Jakarta, TAMBANG,- Direktur Eksekutif Pusat Studi Hukum Energi dan Pertambangan (Pushep), Bisman Bakhtiar menilai ada kebutuhan mendesak dalam upaya perbaikan tata kelola sektor energi dan pertambangan Indonesia. Kinerja legislasi yang lebih baik menjadi kunci. Sayangnya kinerja legislasi di sektor energi dan pertambangan selama ini buruk.
Menurut Bisman berbagai masalah yang timbul di sektor energi dan pertambangan bermuara pada kebutuhan pengaturan baik legislasi maupun regulasi. Sebagai sektor yang penting bagi negara dan menguasai kehidupan orang banyak, tata kelola energi dan pertambangan perlu mendapatkan jaminan kepastian hukum. Pemerintah harus memberikan dasar pengaturan dalam undang-undang yang memadai.
“Kebutuhan akan adanya perangkat hukum yang dapat menjamin terpenuhinya iklim kepastian hukum perlu dibarengi dengan upaya serius DPR dan pemerintah dalam menghadirkan produk legislasi yang berkualitas. Upaya untuk menuju ke sana dapat dilihat lewat capaian realisasi program legislasi nasional (Prolegnas) di sektor energi pertambangan,” ujar Bisman di Jakarta, Selasa (3/12).

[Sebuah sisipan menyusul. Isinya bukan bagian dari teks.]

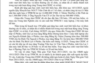 14 Tháng Mười Một, 2025Ngày 27/10/2025, ThS.NB Ngô Văn Hiền, Giám đốc Trung tâm Phát triển Giáo dục và Truyền thông (Trung tâm CEDC)...

Pushep menurut Bisman telah melakukan kajian tentang realisasi Prolegnas sektor energi dan pertambangan. Dari kajian tersebut ditemukan fakta bahwa prolegnas jangka menengah tahun 2015-2019 terdapat 189 Rancangan Undang-Undang (RUU) yang tujuh diantaranya merupakan RUU sektor energi dan pertambangan.
“Dari prolegnas tersebut, sampai akhir jabatan DPR RI periode 2014-2019 yang berakhir pada 30 september 2019 yang lalu, tidak satupun RUU yang berhasil disahkan menjadi Undang-Undang,” lanjut Bisman.
Hal ini berarti DPR periode 2014-2019 mengulangi hal yang sama dengan DPR periode 2009-2014 yang tidak menghasilkan satupun produk legislasi sektor energi dan pertambangan. Padahal terdapat RUU Minerba dan RUU Migas yang tiap tahun masuk menjadi RUU prioritas tahunanan.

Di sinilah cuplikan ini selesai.